Llevamos años diciendo que la confianza es el corazón de la revolución digital. En el momento en el que desaparece, todo el edificio se cae como un castillo de naipes. Justo antes de las elecciones presidenciales de 2016, Gallup publicó una encuesta según la cual un tercio de los norteamericanos desconfiaba del proceso electoral. ¿Por qué, a la vista de todas las dudas que suscitó ya entonces la victoria de Trump, en la tierra de los gigantes tecnológicos que marcan la pauta de la digitalización mundial, en los tiempos de la biometría, la criptografía cuántica y el blockchain, no se ha conseguido promover un sistema de votación online de garantías?
La pregunta apunta al núcleo intelectual de toda esta revolución tecnológica. Se sitúa en el borroso punto de intersección entre lo humano y lo artificial. Apela directamente a la cuestión de la auctoritas: hasta dónde estaremos dispuestos a elevar la puja. Porque parece claro ya a estas alturas que en determinados temas delicados (elecciones, diagnóstico clínico, conducción autónoma, información periodística, educación...) sencillamente no aceptamos vicario.
Se ha escrito mucho sobre las posibilidades de la tecnología para diseñar un proceso electoral fiable. La búsqueda del End-to-End Verifiable Internet-Voting System ha motivado papers y papers de investigadores con el aval de instituciones tan irreprochables como MIT, Harvard o IEEE proponiendo sus propias variantes que siempre resuelven las deficiencias de las de los demás. Scientific American abordaba hace dos años la posibilidad de incorporar el blockchain, en pleno auge de startups que presentaban la solución definitiva para la fiesta de la democracia.
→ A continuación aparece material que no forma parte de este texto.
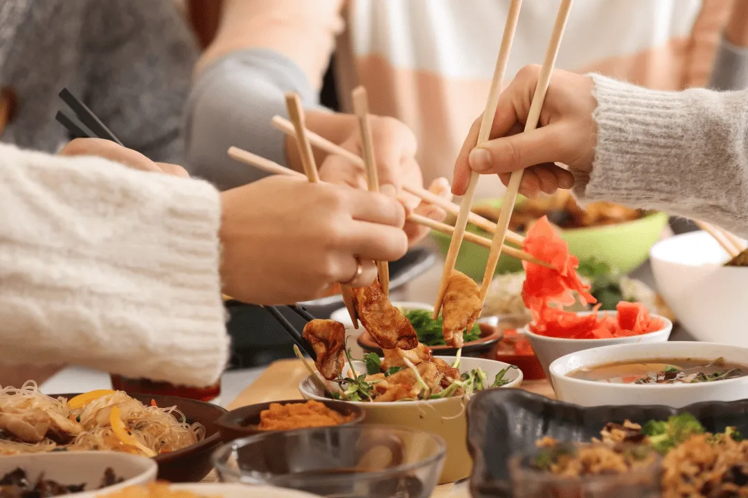 Одна из самых главных традиций в китайской культуре — делить блюда на всех людей за столом. Во время еды в центре стола располагается несколько блюд, каждый берёт порцию из общей чаши или тарелки. Так создаётся атмосфера общности и единения, а все участники стола могут сделать свой обед лучше, попробовав разные вкусы.

Su conclusión era que "probablemente no" sea la solución, en un artículo que incluía la siguiente declaración del investigador del MIT Ron Rivest: "No conozco a nadie que piense que sea una buena idea, y dentro de uno o dos años espero que todas estas empresas mueran". Glups, el plazo ha llegado.
Entre todo el ruido, me sumo a la actitud de la International Foundation for Electoral Systems (IFES), que en abril publicó el informe Considerations on Internet Voting: An Overview for Electoral Decision-Makers. En él repasa las dudas que suscita el voto online en términos de coste, participación, eficiencia, confianza y transparencia y seguridad. Y lo hace sin manifestarse a favor o en contra, simplemente para facilitar elementos de juicio.
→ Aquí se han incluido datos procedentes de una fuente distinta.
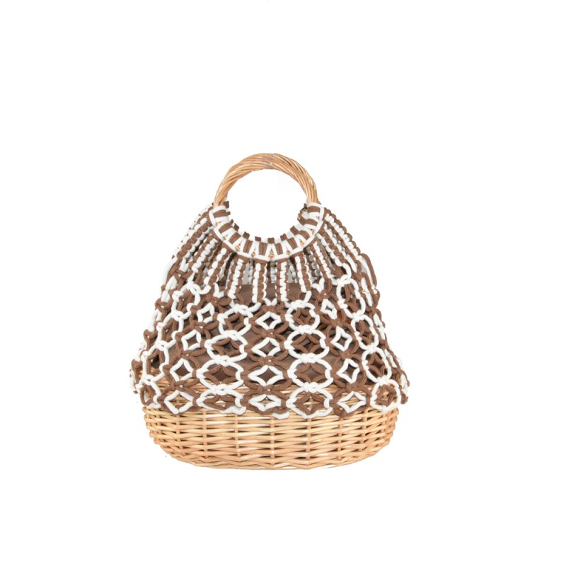 Borsa in bambu a mano & tessuto, manico in bambu e tracolla

Reúne además los ejemplos de países que han probado la fórmula: sólo Estonia mantiene el sistema de voto por internet, pese a que dos auditorías en 2014 y 2017 encontraron serias vulnerabilidades en los sistemas de identificación. En 2010, investigadores de la Universidad de Michigan entraron en el sistema de votación utilizado por el distrito de Columbia en apenas 36 horas. A pesar de eso, el sistema de voto por internet se usa en 30 estados de EEUU, especialmente para personas que viven en áreas rurales y para los militares. Noruega lo implementó para las elecciones locales en 2011 y lo retiró en 2014 porque no había aumentado la participación. Suiza comenzó usando el sistema de la española Scytl, contratado por Swiss Post, pero lo abandonó después de organizar un concurso de "recompensa por errores"; y su sustituto, Geneva System, no convence. Alemania es la más rotunda, su Tribunal Constitucional considera que cualquier tipo de votación electrónica es inconstitucional. Los votantes, sentencia, deben tener una fe ciega en la tecnología para que funcione. Ese es el tema.